───── DATA EXTRACTS
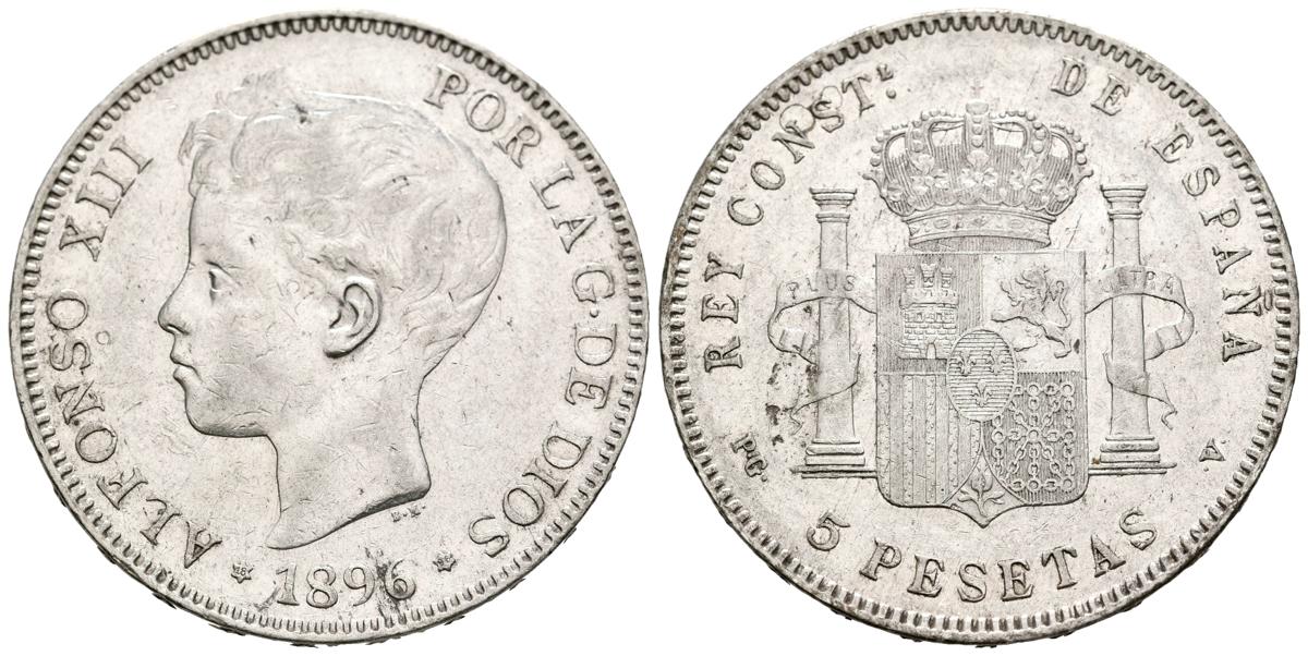 ALFONSO XIII (1885-1931). 5 pesetas. (Ar. 24.72g /37mm). 1896 *18-96. Madrid PGV. (Cal-2019-106). Good Very Fine. marquitas.
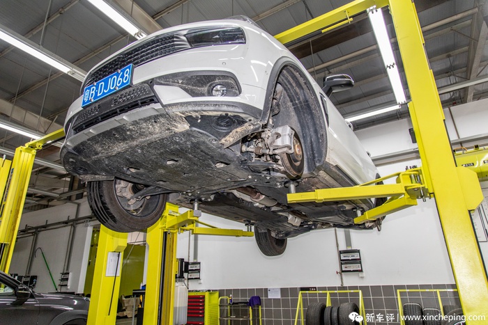 这究竟是怎么做到的呢?我们也是对此非常好奇,所以在我的同事去越野之后,我就打着检查底盘的名义把领克01给升起来“检查检查”。
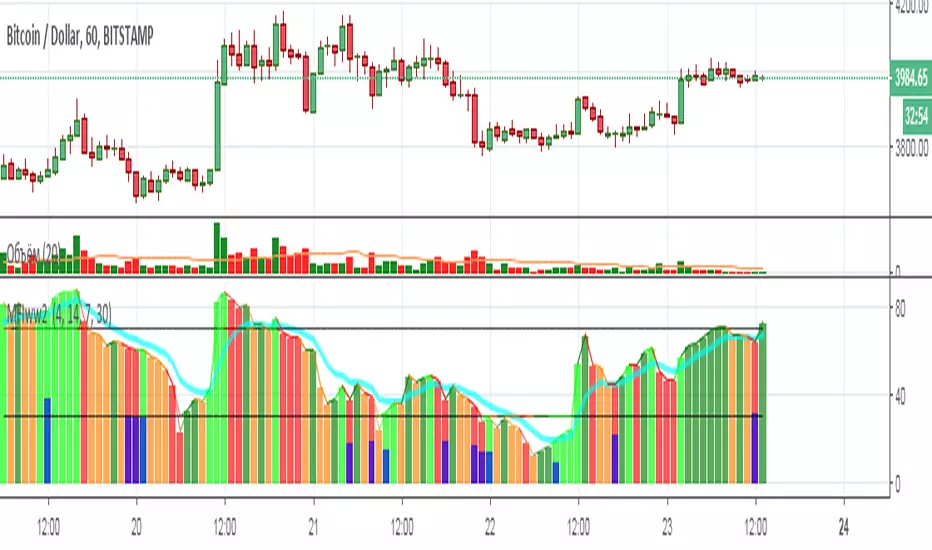 Vertical columns are painted in different colors depending on the displacement of the indicator and the displacement of the volume. The indicator can increase or decrease (+-). The volume can also increase or decrease (+-). The combination of these factors generates four types of indicator columns.
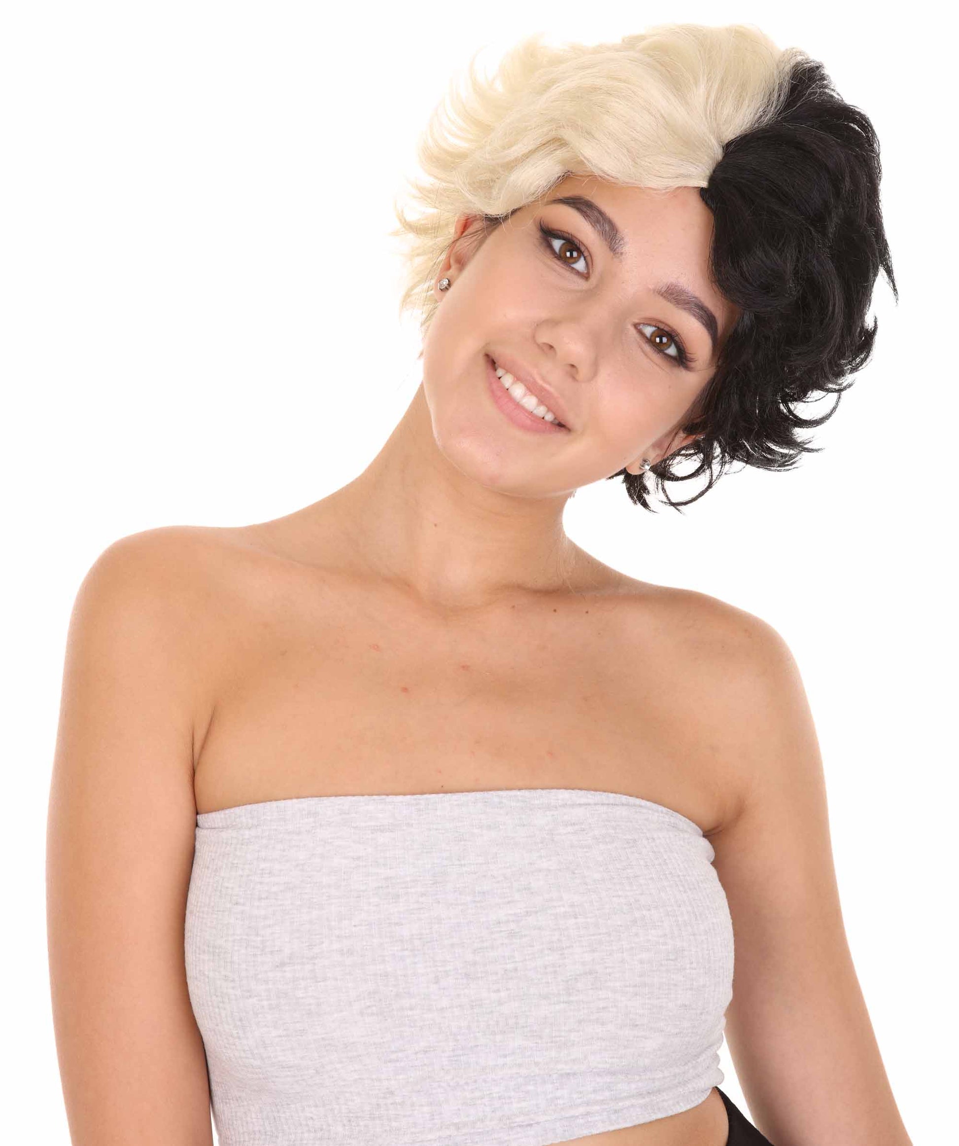ハロウィンパーティ プレミアムレディース H-5110 ショート ツートーン ブラック&ホワイト ピクシー ハートバング付き
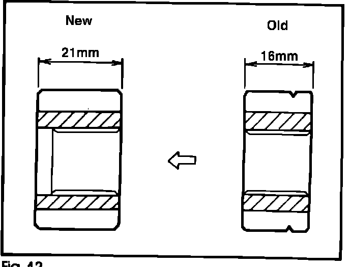 The spacer has been made shorter in length to accommodate the increased gear width. Refer to Fig. 13.
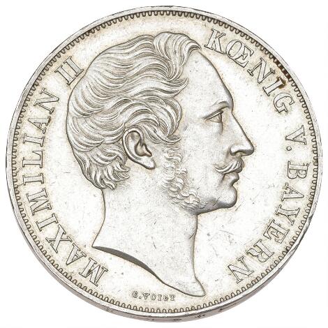 Germany, Bavaria, Maximilian II, 2 Gulden 1855, KM 848, Dav. 604
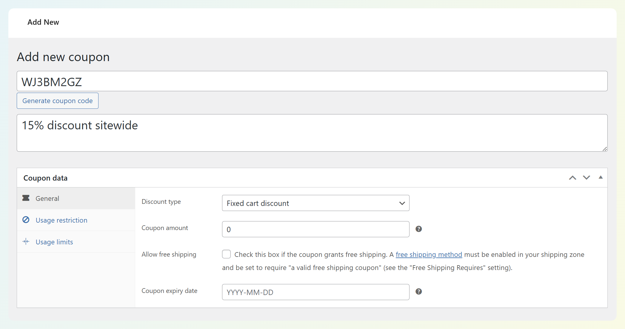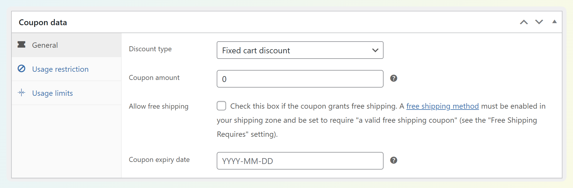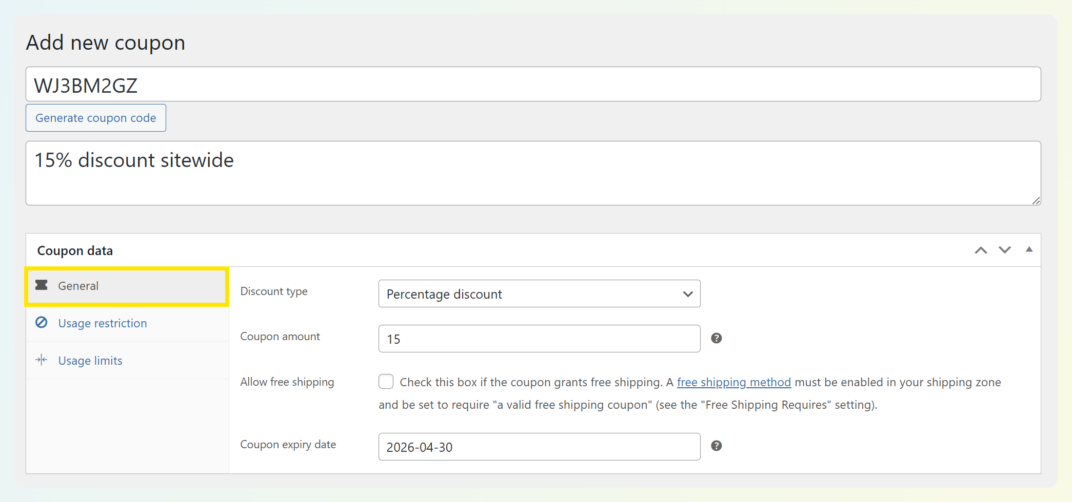 Once you’ve entered your coupon code, you’ll spend most of your time in the Coupon data panel. WooCommerce organizes coupon settings into three main areas: General, Usage restriction, and Usage limits.
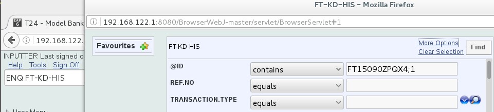 In Temenos Transact BrowserWeb, you need to use the selected LIVE RECID to submit an enquiry for the Funds Transfer record in the LIVE database.
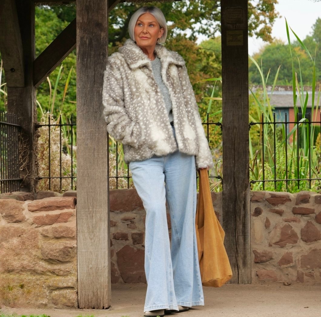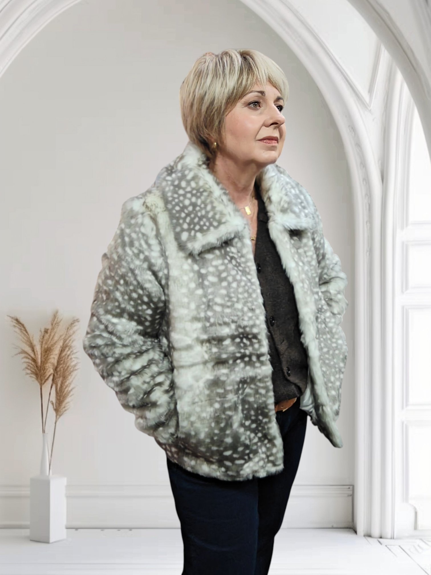 Stand out from the crowd in this fabulous faux fur jacket with unusual design.
──────────
* [WHAT NEEDS TO BE DONE]: Leave out the pictures. Transcribe only the lines above, from the first through the one that contains "ハロウィンパーティ プレミアムレディース H-5110".

* [WRITTEN ANSWER]:
 ALFONSO XIII (1885-1931). 5 pesetas. (Ar. 24.72g /37mm). 1896 *18-96. Madrid PGV. (Cal-2019-106). Good Very Fine. marquitas.
 这究竟是怎么做到的呢?我们也是对此非常好奇,所以在我的同事去越野之后,我就打着检查底盘的名义把领克01给升起来“检查检查”。
 Vertical columns are painted in different colors depending on the displacement of the indicator and the displacement of the volume. The indicator can increase or decrease (+-). The volume can also increase or decrease (+-). The combination of these factors generates four types of indicator columns.
ハロウィンパーティ プレミアムレディース H-5110 ショート ツートーン ブラック&ホワイト ピクシー ハートバング付き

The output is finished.